Он на минуту смолк, и в его взгляде вспыхнула искра презрения, но он взял себя в руки и продолжал, словно моя стрела не задела его:
— Мы вправе ожидать красоты от объекта желания, а не от того, кто желает. Мне нет дела до красоты тех, о ком я говорю. Если я обращаю внимание на их внешний вид, то чтобы показать, что они здоровы и мужественны, вот, что для меня важно. Но я не утверждаю, что таковы все уранисты; среди гомо-, как и среди гетеросексуалистов, есть свои вырожденцы, уроды и больные. Как врач я вслед за многими моими коллегами сталкивался с целым рядом тяжелых, жалких или трудных случаев. Я не стану утруждать читателя рассказом о них. Повторяю, моя книга будет посвящена здоровому уранизму, или, как вы только что выразились, нормальной педерастии.
— Разве вы не заметили, что я употребил это выражение в насмешку? Для вас было бы большой удачей, если бы я начал употреблять его всерьез.
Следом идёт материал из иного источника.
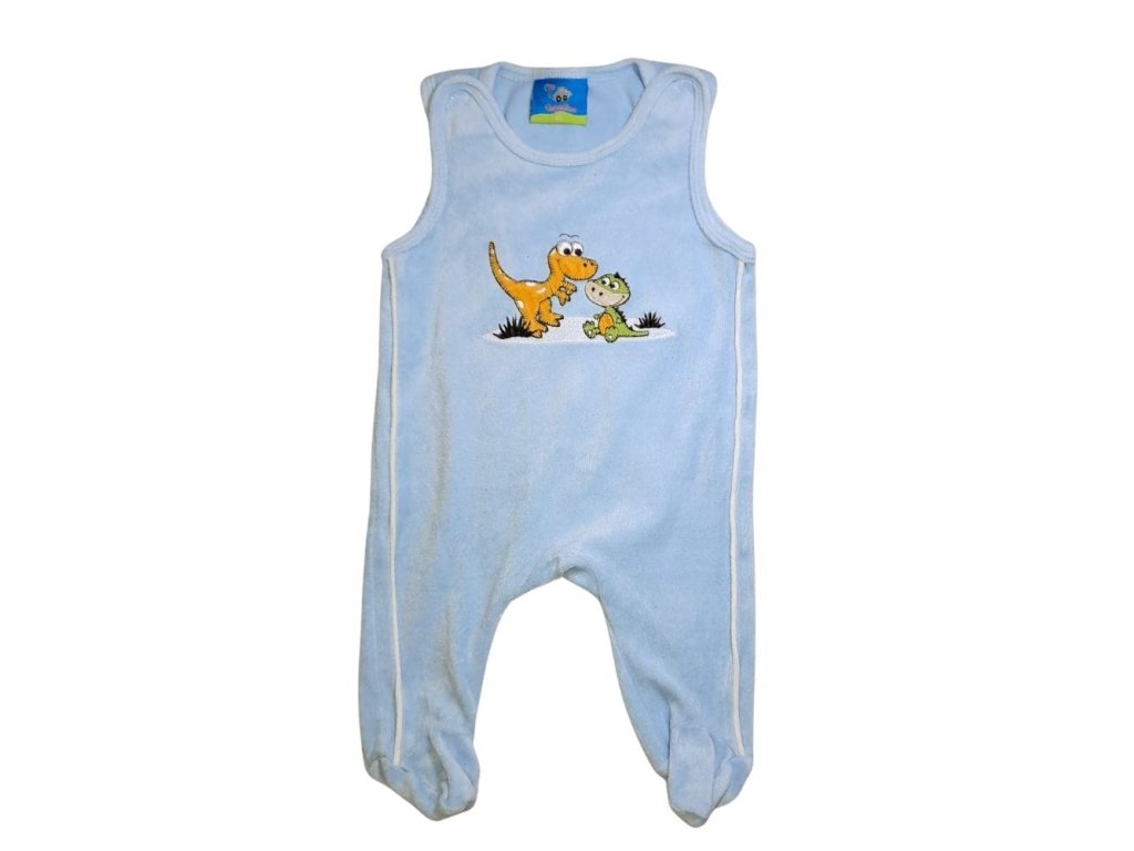 Világoskék, ujjatlan plüss rugdalózó hímzett mintával.

— Я не жду от вас любезности. Я предпочитаю принудить вас к пониманию истины.
— Теперь шутите вы.
— Я не шучу. Держу пари, что менее чем через двадцать лет слова «противоестественный», «противоприродный» и т.д. больше не будут восприниматься
всерьез. Я считаю, что в мире есть только одна вещь, которую можно назвать неестественной: это произведение искусства. Все остальное волей-неволей остается в
пределах естества и должно быть рассмотрено с точки зрения не моралиста, а натуралиста.
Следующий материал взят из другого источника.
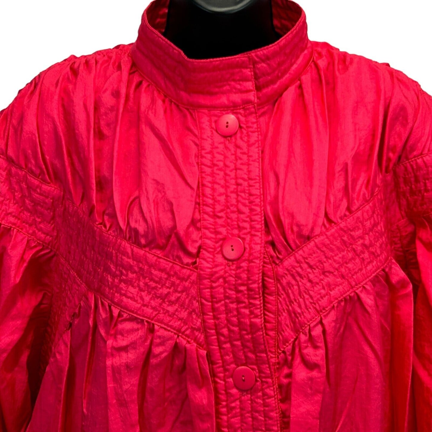 Abraxas Womens Vintage 80s Jacket Large Puffy Quilted Pleated Shoulder Pads Windbreaker Red Fluorescent Neon

— Слова, которые вы осуждаете, все же укрепляют
наши добрые нравы. Где мы окажемся, если вы отвергнете эти понятия?
— Мы не станем более безнравственными, и я бы даже сказал, если бы посмел: наоборот!.. Вы нас здорово дурачите, господа гетеросексуалисты! Послушать вас, так только отношения разных полов законны, по крайней мере, «нормальны».
— Достаточно того, что эти отношения могут быть нормальными. Тогда как все гомосексуалисты — люди развращенные.
— Вы полагаете, что им неизвестны самоотречение, самообладание, целомудрие?
— К счастью, их порой понуждают к этому законы и опасение потерять уважение окружающих.
— А для вас счастье, что законы и нравы понуждают вас к этому так мало.
— Да послушайте же! Есть же, наконец, брак, честный брак, то, чего нет у вас. Разговаривая с вами, я чувствую, что уподобляюсь тем моралистам, которые видят в плотских утехах вне супружества грех и осуждают все отношения, за исключением законных.
— О! Здесь я готов их поддержать и, раз вы меня к этому побуждаете, быть еще непримиримее, чем они.
Из множества супружеских альковов, в которые я был приглашен проникнуть как врач, я видел, клянусь вам, очень мало чистых. И я бы не стал биться об заклад, что больше изощренности, извращенности в том, что касается любовной механики, надо искать среди куртизанок, а не среди некоторых «честных» супружеских пар.
— Вы невыносимы.
— Но если альков — супружеский, порок сразу же обретает невинную белизну.
— Супруги могут делать то, что хотят, им это дозволено. Вас такие вещи не касаются.
— «Дозволено»; да, мне больше нравится это слово, чем слово «нормально».
— Меня предупреждали, что среди вам подобных нравственное чувство странным образом извращено. И до какой степени, поразительно! Вы как будто совершенно забыли о естественном акте оплодотворения, который освящен в браке и хранит великую тайну жизни.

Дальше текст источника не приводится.